I have a data measured with an instrument and the format of it is .dat is simple OLE Structured Storage. I uploaded a sample here http://www.filedropper.com/sample1

I searched a lot but I could not find a way that I extract the data using Python or R. is anyone have a solution ?

nik
  • 2,500
  • 5
  • 21
  • 48

3 Answers3

1

You can use Python with the olefile module: pip install olefile

Then to read and extract:

import olefile
ole = olefile.OleFileIO('sample1.dat')
datastream = ole.openstream('3D Data')
with open('extract.dat', 'wb') as f:
    data = datastream.read()
    f.write(data)
chrki
  • 6,143
  • 6
  • 35
  • 55
  • I installed the olefile but i got this error I first put both the script and data in a folder in my desktop then i ran it Admins-MacBook-Pro:HPLC_3D_data admin$ ls extract.py sample1.dat Admins-MacBook-Pro:HPLC_3D_data admin$ python extract.py Traceback (most recent call last): File "extract.py", line 1, in import olefile ImportError: No module named olefile – nik May 17 '16 at 08:11
  • @nik Looks like the module wasn't properly installed, are you using Python 2 or 3? I tested on 2 – chrki May 17 '16 at 08:58
  • I am using Mac and this is the version of my python Admins-MBP:~ admin$ python -V Python 2.7.10 – nik May 17 '16 at 09:12
  • did you find the problem ? – nik May 17 '16 at 14:00
  • @nik worked fine for me on OSX 10.10.5, Python 2.7.6 - I used `sudo easy_install olefile` to install the module – chrki May 17 '16 at 18:56
  • @nik Sorry I have no idea how your data was produced and what format it is in, you should probably open another question on how to interpret and use the data you have. Binary data like in your ole file can be anything. – chrki May 17 '16 at 19:54
  • the data is generated by the EzChrom .dat is simple OLE Structured Storage https://en.wikipedia.org/wiki/COM_Structured_Storage you can extract binary blocks from storage using win32 API Storage functions (https://msdn.microsoft.com/en-us/library/windows/desktop/aa380341(v=vs.85).aspx) or you can use file-management software which considers OLE storage as archive and allow extracting data blocks as files. but i prefer to use python – nik May 17 '16 at 19:55
  • @nik Yeah I was able to look at the ole archive with another program and extract data from there as well, but the data in the ole archive is just more binary data that I don't know what it's made of and how to use it (binary data). Sorry – chrki May 17 '16 at 19:59
0

I thought I'd post my findings in an answer.

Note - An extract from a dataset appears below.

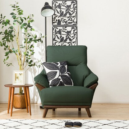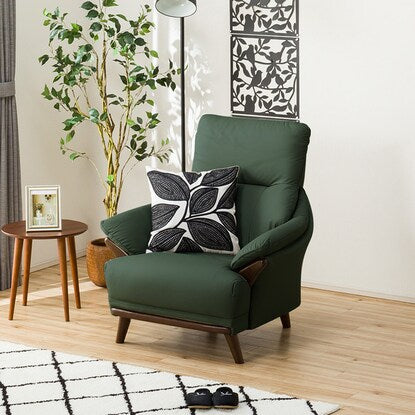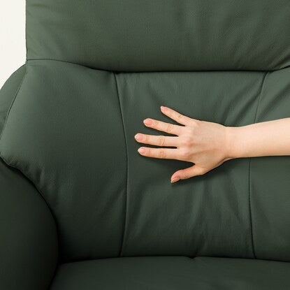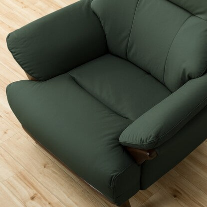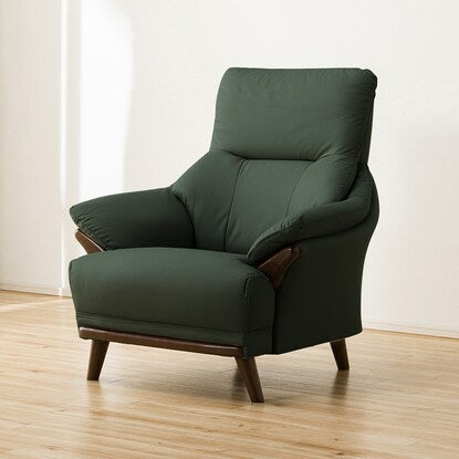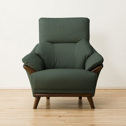 ※画像はグリーンカラーを使用しています。 包み込むようなハイバックの背もたれと木目が美しいタモ材のフレーム。 風格のあるデザインでお部屋の雰囲気をワンランクアップします。ハイバックな背もたれでしっかりと、柔らかく頭ホールド。背から肘までぐるりと囲むような形状で、ゆったりと体をもたれることができます。座面に4層のバージンウレタンを使用し、へたりにくく、快適な座り心地です。モダンな脚付きのデザインで床からの高さも充分にあり、ロボットクリーナーにも対応。 ※一部機種は除きます。こちらは1人用ソファです。【詳細サイズ(約)】 背もたれの高さ:60cm 脚高:13cm【表面素材とお手入れ方法】 ■天然皮革(革) (肌に馴染みやすく、柔軟性、耐久性吸湿性、通気性に富んでいます。 又温度差による品質の変化が少なく 、耐寒性に優れています。 天然素材のため、手入れを怠ると角質化がおこり革の劣化を引き起こしますが、 しっかりお手入れいただくと、長く革本来の風合いをお楽しみいただけるものです。)お手入れ方法 (別売の専用のクリーナーでのお手入れが必要。革は油分を失うとひび割れ(角質化)が起こりやすくなるため、 4 -5ヶ月に1度はクリーナーでのお手入れが必要になります。)■合成皮革…側面・裏面などに使用。 (主にPVC(塩化ビニールレザー),PU(ポリウレタン),ソフトレザ-を指します。水、汚れに強く、価格が安い事も大きな特徴です。 ソフトレザ-においては柔軟性と耐久性を革に近づけています。) (汚れたら水拭きも簡単に行えるため、手軽にお手入れできます。表面が汚れた際には、中性洗剤を使うときれいになります。)お手入れ方法 (汚れたら水拭きも簡単に行えるため、手軽にお手入れできます。表面が汚れた際には、中性洗剤を使うときれいになります。)【座面スプリングと特長】 S型スプリング (S字状に波打たせたバネを並列にアーチ上に配したもので、最も一般的なスプリングです。)【納品間口サイズ】 70cm以上

Sorry to say but it appears that you can't bring the OLE structured data into R in the current format.

OLEDB connection in R

Reading in .dat files is quite simple (see here for more info import dat file into R), but the OLE format complicates things. I'd recommend either using the answer provided by @chrki or extracting to a format other than OLE and then reading it into R.

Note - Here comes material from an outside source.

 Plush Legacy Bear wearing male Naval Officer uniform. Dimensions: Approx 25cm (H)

Sorry I couldn't be of more help.

Community
  • 1
  • 1
plumbus_bouquet
  • 443
  • 6
  • 7
0

you can use the pillow module for Python 3.* or PIL for Python 2.* I use Python 3.4 so:

from PIL import OleFileIO
dir(OleFileIO) # to see all the stuff available inside

From there you can dump the streams and many more things.

Documentation about OleFileIO: Here

Belial
  • 821
  • 1
  • 9
  • 12